==== EXTRACTED RECORDS
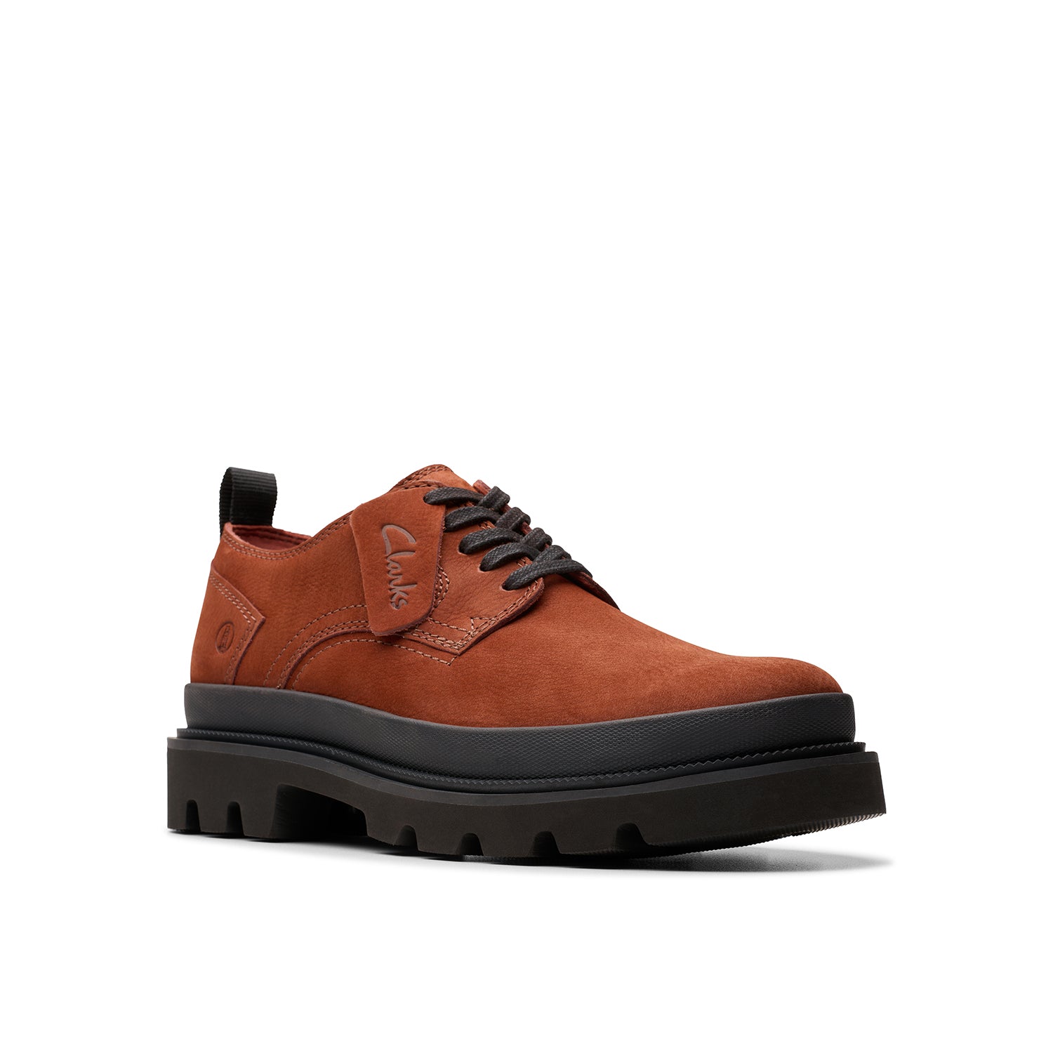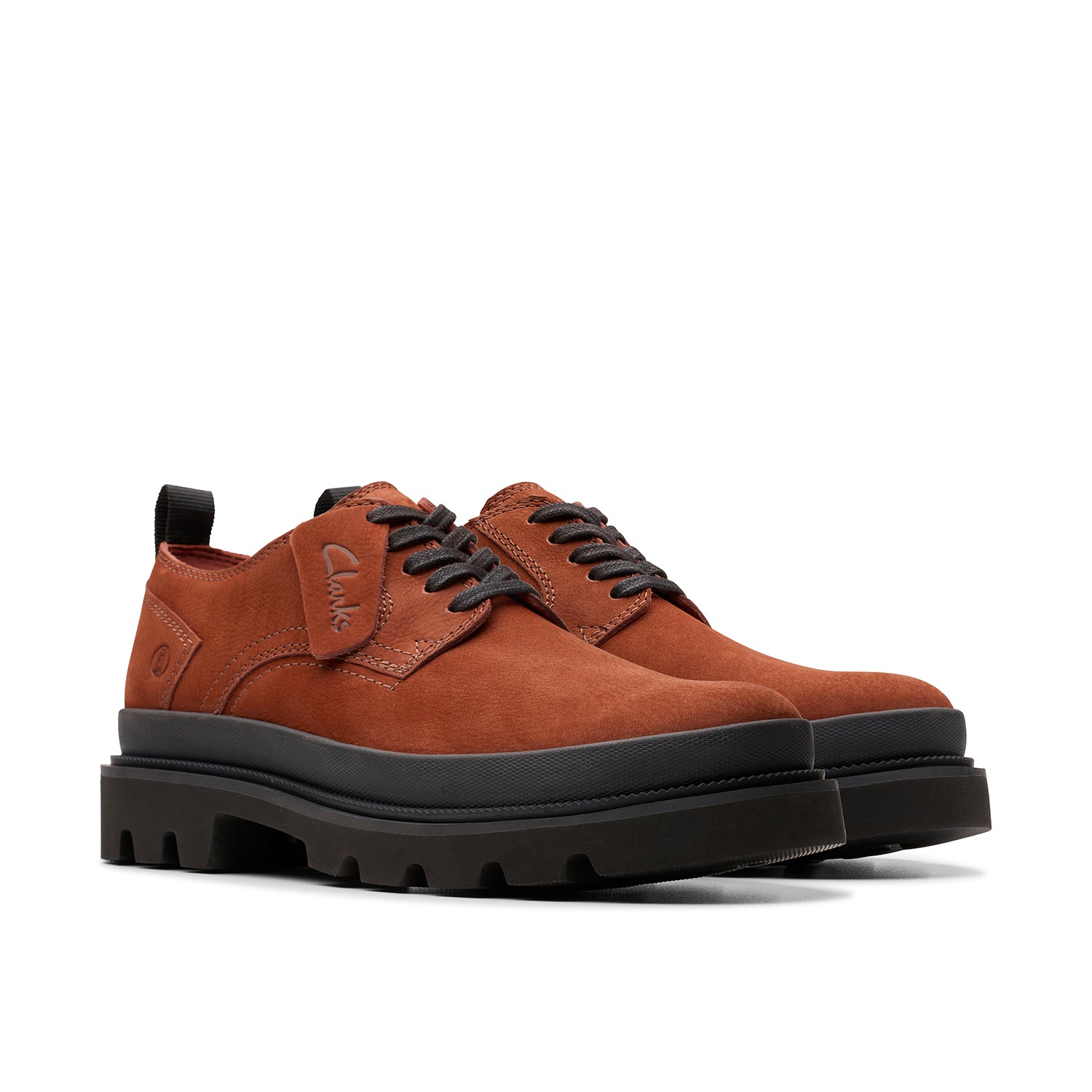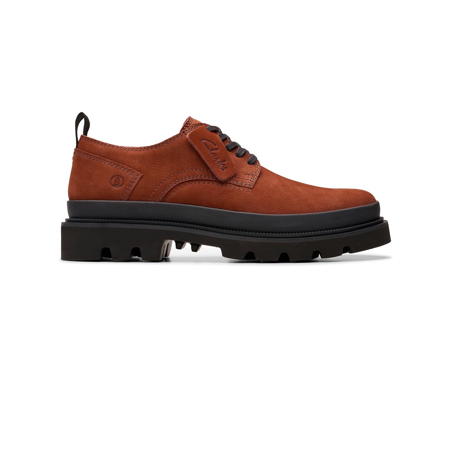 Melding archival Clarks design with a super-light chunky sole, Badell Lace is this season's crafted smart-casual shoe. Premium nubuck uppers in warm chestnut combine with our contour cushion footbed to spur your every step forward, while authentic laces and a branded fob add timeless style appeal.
========
==== EXTRACTED RECORDS
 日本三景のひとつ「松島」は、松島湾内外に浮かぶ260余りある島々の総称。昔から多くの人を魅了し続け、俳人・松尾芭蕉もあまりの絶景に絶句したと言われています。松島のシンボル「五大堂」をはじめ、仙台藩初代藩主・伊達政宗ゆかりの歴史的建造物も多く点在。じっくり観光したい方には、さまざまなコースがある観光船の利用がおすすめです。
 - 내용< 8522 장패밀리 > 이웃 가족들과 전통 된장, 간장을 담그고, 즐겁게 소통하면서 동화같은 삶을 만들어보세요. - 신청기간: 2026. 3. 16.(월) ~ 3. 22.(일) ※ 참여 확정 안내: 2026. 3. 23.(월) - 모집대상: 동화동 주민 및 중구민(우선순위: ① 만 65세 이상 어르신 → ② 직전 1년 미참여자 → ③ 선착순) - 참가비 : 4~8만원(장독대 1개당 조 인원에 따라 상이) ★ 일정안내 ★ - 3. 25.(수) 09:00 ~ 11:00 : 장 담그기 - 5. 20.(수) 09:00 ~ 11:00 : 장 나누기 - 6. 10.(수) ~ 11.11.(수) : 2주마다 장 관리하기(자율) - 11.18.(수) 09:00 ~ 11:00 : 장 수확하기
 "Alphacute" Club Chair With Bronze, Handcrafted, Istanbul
========
### WHAT TO PRODUCE:
Could you repeat exactly the lines in the listing above from the one with "- 내용< 8522 장패밀리" down to the one with "Bronze, Handcrafted, Istanbul"? Include both of those lines.

### EXERCISE RESULT:
 - 내용< 8522 장패밀리 > 이웃 가족들과 전통 된장, 간장을 담그고, 즐겁게 소통하면서 동화같은 삶을 만들어보세요. - 신청기간: 2026. 3. 16.(월) ~ 3. 22.(일) ※ 참여 확정 안내: 2026. 3. 23.(월) - 모집대상: 동화동 주민 및 중구민(우선순위: ① 만 65세 이상 어르신 → ② 직전 1년 미참여자 → ③ 선착순) - 참가비 : 4~8만원(장독대 1개당 조 인원에 따라 상이) ★ 일정안내 ★ - 3. 25.(수) 09:00 ~ 11:00 : 장 담그기 - 5. 20.(수) 09:00 ~ 11:00 : 장 나누기 - 6. 10.(수) ~ 11.11.(수) : 2주마다 장 관리하기(자율) - 11.18.(수) 09:00 ~ 11:00 : 장 수확하기
 "Alphacute" Club Chair With Bronze, Handcrafted, Istanbul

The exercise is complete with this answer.